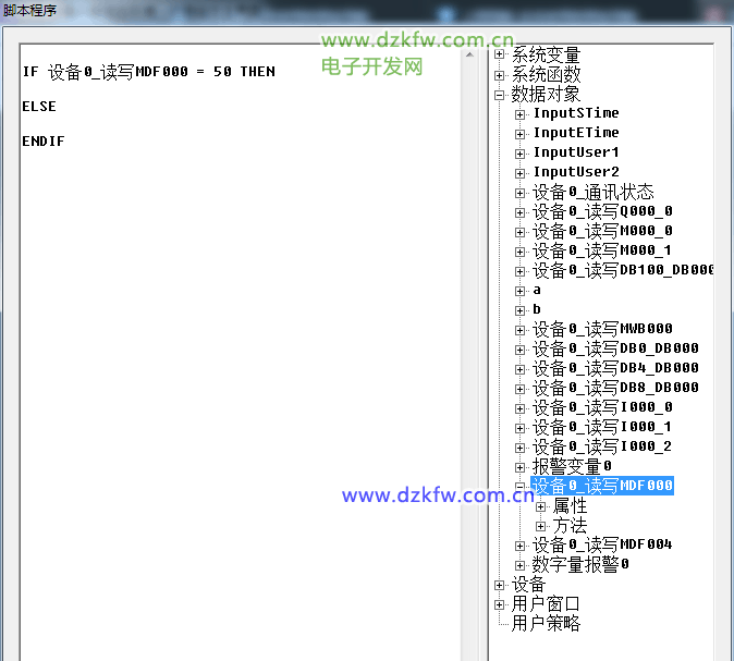 • PLC变量是指实时数据库中的变量,例如,我们现在想让PLC里的内部变量MD0 = 50,我们应该这么操作
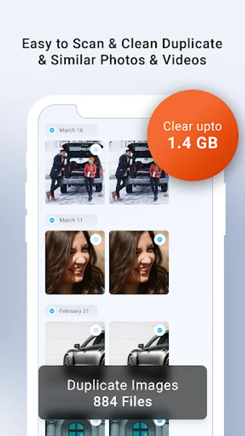Clear storage space from unwanted data like duplicate photos / files, cache memory, temporary files, large files and more.
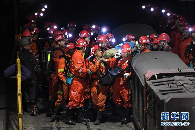 井下水位逐漸下降。18日3時,一名礦工涉水走出被困巷道,與井下救援隊伍會合,并報告剩余12人確認安全。5時55分,首批2名被困人員從地下300多米深處被救出洞口。

» AIM OF THE EXERCISE: Reproduce the material word for word, pictures excluded.

» REPLY:
 • PLC变量是指实时数据库中的变量,例如,我们现在想让PLC里的内部变量MD0 = 50,我们应该这么操作
Clear storage space from unwanted data like duplicate photos / files, cache memory, temporary files, large files and more.
 井下水位逐漸下降。18日3時,一名礦工涉水走出被困巷道,與井下救援隊伍會合,并報告剩余12人確認安全。5時55分,首批2名被困人員從地下300多米深處被救出洞口。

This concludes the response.